WHAT THE TASK ASKS -
What you return should match the data below exactly, with every entry reproduced.

INPUT DATA -
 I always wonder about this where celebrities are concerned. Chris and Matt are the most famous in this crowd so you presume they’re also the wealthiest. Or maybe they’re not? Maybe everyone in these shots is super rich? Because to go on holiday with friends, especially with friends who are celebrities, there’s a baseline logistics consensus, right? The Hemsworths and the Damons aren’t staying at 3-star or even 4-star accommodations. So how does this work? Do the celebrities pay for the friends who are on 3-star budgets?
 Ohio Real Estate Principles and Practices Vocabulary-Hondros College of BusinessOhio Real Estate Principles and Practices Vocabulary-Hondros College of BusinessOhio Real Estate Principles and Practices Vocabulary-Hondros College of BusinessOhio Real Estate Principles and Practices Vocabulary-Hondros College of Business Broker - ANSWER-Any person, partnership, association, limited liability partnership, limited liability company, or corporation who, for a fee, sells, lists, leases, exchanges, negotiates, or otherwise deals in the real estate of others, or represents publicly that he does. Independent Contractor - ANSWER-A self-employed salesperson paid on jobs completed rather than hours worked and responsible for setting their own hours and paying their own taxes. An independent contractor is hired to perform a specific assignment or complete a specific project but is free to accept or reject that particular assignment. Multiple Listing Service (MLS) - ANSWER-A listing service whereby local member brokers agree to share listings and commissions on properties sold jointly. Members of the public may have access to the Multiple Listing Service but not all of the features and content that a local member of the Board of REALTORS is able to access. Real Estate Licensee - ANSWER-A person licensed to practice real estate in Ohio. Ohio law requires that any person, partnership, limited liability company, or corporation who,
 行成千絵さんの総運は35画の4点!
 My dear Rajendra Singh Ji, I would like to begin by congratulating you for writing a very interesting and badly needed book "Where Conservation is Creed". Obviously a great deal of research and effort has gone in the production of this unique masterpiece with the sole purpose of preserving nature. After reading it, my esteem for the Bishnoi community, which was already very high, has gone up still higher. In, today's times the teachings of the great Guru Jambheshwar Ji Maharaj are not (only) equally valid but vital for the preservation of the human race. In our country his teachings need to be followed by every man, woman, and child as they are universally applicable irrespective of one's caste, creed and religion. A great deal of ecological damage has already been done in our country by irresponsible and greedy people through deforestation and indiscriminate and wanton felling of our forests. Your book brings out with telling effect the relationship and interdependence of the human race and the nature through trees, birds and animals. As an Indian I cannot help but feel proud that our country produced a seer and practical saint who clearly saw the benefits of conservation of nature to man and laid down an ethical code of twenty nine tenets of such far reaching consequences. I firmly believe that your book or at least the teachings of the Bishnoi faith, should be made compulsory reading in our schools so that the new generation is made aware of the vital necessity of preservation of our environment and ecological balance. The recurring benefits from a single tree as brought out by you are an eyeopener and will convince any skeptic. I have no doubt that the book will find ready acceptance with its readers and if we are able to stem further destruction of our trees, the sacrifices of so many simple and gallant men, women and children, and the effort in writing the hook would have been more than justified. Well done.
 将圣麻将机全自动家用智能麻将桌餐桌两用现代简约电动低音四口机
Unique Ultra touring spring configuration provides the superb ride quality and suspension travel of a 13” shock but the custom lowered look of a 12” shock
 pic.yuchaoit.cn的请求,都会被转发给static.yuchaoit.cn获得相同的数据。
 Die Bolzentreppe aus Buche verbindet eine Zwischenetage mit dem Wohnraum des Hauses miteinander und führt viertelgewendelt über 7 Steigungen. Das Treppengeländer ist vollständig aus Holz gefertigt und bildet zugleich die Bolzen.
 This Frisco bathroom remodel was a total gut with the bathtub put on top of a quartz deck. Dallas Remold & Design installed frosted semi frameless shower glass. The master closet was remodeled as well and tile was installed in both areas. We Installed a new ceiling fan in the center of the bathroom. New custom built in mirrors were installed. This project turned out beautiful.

SOLUTION BELOW -
 I always wonder about this where celebrities are concerned. Chris and Matt are the most famous in this crowd so you presume they’re also the wealthiest. Or maybe they’re not? Maybe everyone in these shots is super rich? Because to go on holiday with friends, especially with friends who are celebrities, there’s a baseline logistics consensus, right? The Hemsworths and the Damons aren’t staying at 3-star or even 4-star accommodations. So how does this work? Do the celebrities pay for the friends who are on 3-star budgets?
 Ohio Real Estate Principles and Practices Vocabulary-Hondros College of BusinessOhio Real Estate Principles and Practices Vocabulary-Hondros College of BusinessOhio Real Estate Principles and Practices Vocabulary-Hondros College of BusinessOhio Real Estate Principles and Practices Vocabulary-Hondros College of Business Broker - ANSWER-Any person, partnership, association, limited liability partnership, limited liability company, or corporation who, for a fee, sells, lists, leases, exchanges, negotiates, or otherwise deals in the real estate of others, or represents publicly that he does. Independent Contractor - ANSWER-A self-employed salesperson paid on jobs completed rather than hours worked and responsible for setting their own hours and paying their own taxes. An independent contractor is hired to perform a specific assignment or complete a specific project but is free to accept or reject that particular assignment. Multiple Listing Service (MLS) - ANSWER-A listing service whereby local member brokers agree to share listings and commissions on properties sold jointly. Members of the public may have access to the Multiple Listing Service but not all of the features and content that a local member of the Board of REALTORS is able to access. Real Estate Licensee - ANSWER-A person licensed to practice real estate in Ohio. Ohio law requires that any person, partnership, limited liability company, or corporation who,
 行成千絵さんの総運は35画の4点!
 My dear Rajendra Singh Ji, I would like to begin by congratulating you for writing a very interesting and badly needed book "Where Conservation is Creed". Obviously a great deal of research and effort has gone in the production of this unique masterpiece with the sole purpose of preserving nature. After reading it, my esteem for the Bishnoi community, which was already very high, has gone up still higher. In, today's times the teachings of the great Guru Jambheshwar Ji Maharaj are not (only) equally valid but vital for the preservation of the human race. In our country his teachings need to be followed by every man, woman, and child as they are universally applicable irrespective of one's caste, creed and religion. A great deal of ecological damage has already been done in our country by irresponsible and greedy people through deforestation and indiscriminate and wanton felling of our forests. Your book brings out with telling effect the relationship and interdependence of the human race and the nature through trees, birds and animals. As an Indian I cannot help but feel proud that our country produced a seer and practical saint who clearly saw the benefits of conservation of nature to man and laid down an ethical code of twenty nine tenets of such far reaching consequences. I firmly believe that your book or at least the teachings of the Bishnoi faith, should be made compulsory reading in our schools so that the new generation is made aware of the vital necessity of preservation of our environment and ecological balance. The recurring benefits from a single tree as brought out by you are an eyeopener and will convince any skeptic. I have no doubt that the book will find ready acceptance with its readers and if we are able to stem further destruction of our trees, the sacrifices of so many simple and gallant men, women and children, and the effort in writing the hook would have been more than justified. Well done.
 将圣麻将机全自动家用智能麻将桌餐桌两用现代简约电动低音四口机
Unique Ultra touring spring configuration provides the superb ride quality and suspension travel of a 13” shock but the custom lowered look of a 12” shock
 pic.yuchaoit.cn的请求,都会被转发给static.yuchaoit.cn获得相同的数据。
 Die Bolzentreppe aus Buche verbindet eine Zwischenetage mit dem Wohnraum des Hauses miteinander und führt viertelgewendelt über 7 Steigungen. Das Treppengeländer ist vollständig aus Holz gefertigt und bildet zugleich die Bolzen.
 This Frisco bathroom remodel was a total gut with the bathtub put on top of a quartz deck. Dallas Remold & Design installed frosted semi frameless shower glass. The master closet was remodeled as well and tile was installed in both areas. We Installed a new ceiling fan in the center of the bathroom. New custom built in mirrors were installed. This project turned out beautiful.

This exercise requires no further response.